Uncle Willie suffered severely from asthma — a particularly dangerous condition to have if you were part of a farm family exposed to grain dust and constant physical exertion — and as a young man in the years before the First World War, he left the family farm and headed to Winnipeg to seek his fortune working as a store clerk in that city. He was part of that generation of young Ontario women and men lured to the promise offered by the Golden West. After bidding him farewell at the train station, his family never saw Willie again. At the outbreak of war, Uncle Willie volunteered for military service and was accepted, despite his asthma. Although the train carrying him to the military camp at Valcartier Quebec passed through this area, it couldn’t stop to let one family bid farewell to their war-bound son and brother.


He sailed first to England, then to northern France as part of the Canadian contingent in the Great War. As a member of the 27th battalion he served in the cold wet trenches at Vimy for 21 days, until illness felled him — the fate of so many soldiers in the trenches. Uncle Willie was in and out of hospitals for the next two years, and was finally well enough to work in the Canadian Red Cross Special Military Hospital in Buxton, England. There he met and married, with military approval, an English hospital nurse, Ellen Kenyon. But his illness recurred. Admitted to hospital again in December 1918, he died a month later. His widow Ellen later remarried and immigrated to Canada, She was present at my grandparents’ wedding in 1923.


In 2011 my wife Deb and I travelled to Buxton, England to visit Uncle Willie’s grave. I couldn’t believe how emotional I was, and still get, when I think about it. I stood there at the foot of his grave and cried. 

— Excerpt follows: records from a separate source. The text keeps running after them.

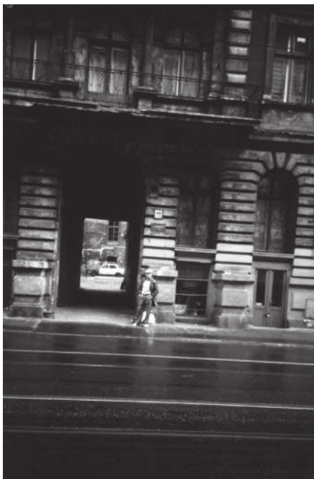
1. Author at the entrance to 49 Kilinskiego Street, Lodz, April, 1987.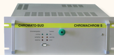
Chroma S - 5U

Concentrations, TRS, TOS and status information (calibrations, streams, default analyzer) are transferred to a central control room.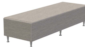
Three Seat, No Back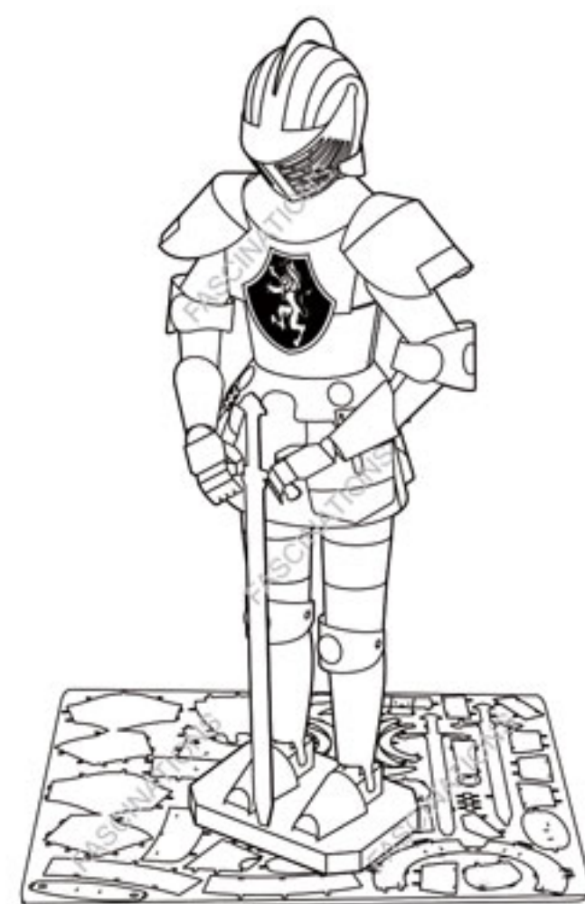
European Armor Item No. MMS142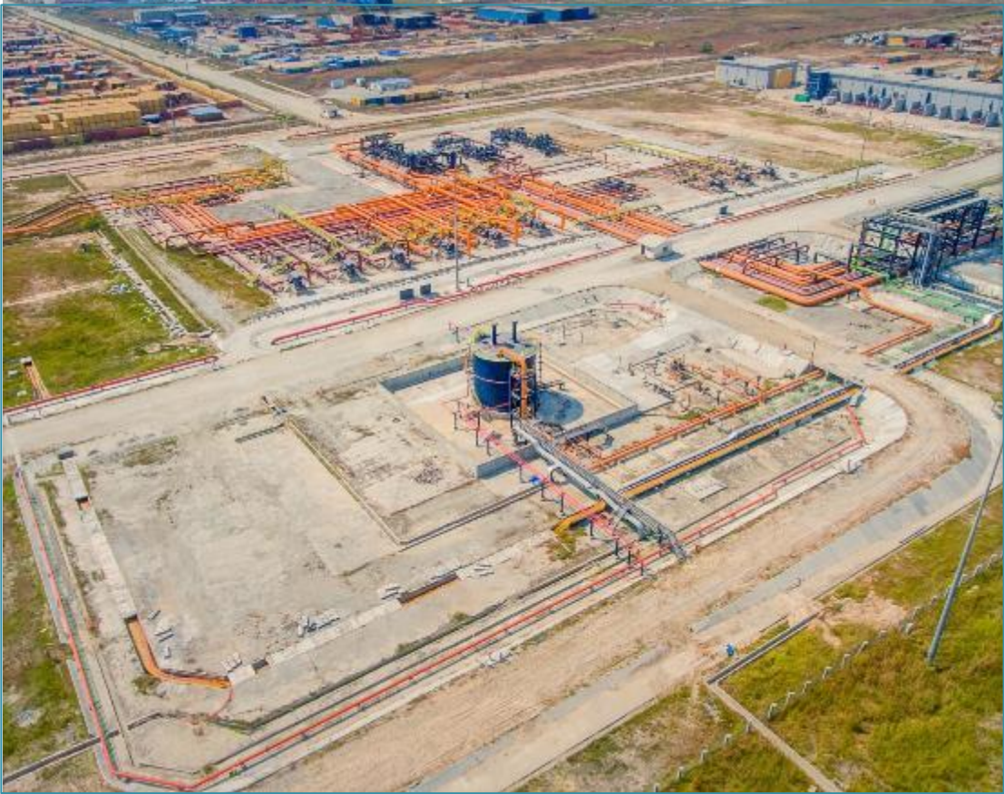
AERIAL VIEW OF PRODUCT DISPATCH TERMINAL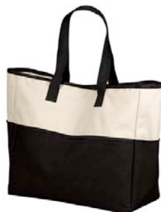
Open Top Totebag

Tote bags in solid black only. Colors shown for ease of seeing details

My family was not a military family by and large. Many other families in our community gave military service over many years, and gave lives in wartime too as their form of sacrifice for the public good. These sacrifices were the most painful and honoured instances of a broader tradition of serving the community. Some did it through statute labour on country roads. Some did it through their lodges and clubs and church benevolent activities (my father, for instance, was clerk of session in our church.) My family did it through elected office too. My great uncle Farquar Oliver was an M.P.P. and leader of the Ontario Liberal Party. But come Friday evenings, he took the train home to his farm and family, left the trappings of office behind, and became plain farmer and neighbour Farquar again for two days. Our community has never tolerated folks who take on airs of superiority.

 

In my family, those who came before us were valued as much as our current kin. Uncle Willie was no stranger to me. But this closeness to earlier generations wasn’t unique to my family. It was part of the web of remembrance and affection that was the hallmark of families in South Grey. I’m proud to say that the sense of quiet mutual help and respect within the community is something so many people strive for today in Southgate and its sister communities in South Grey. As Southgate’s Mayor I see acts of kindness, respect and public service every day. In today’s unexpectedly challenging times, these are civic qualities that will see us safely through.


It is who we are. It is who I hope we will always be.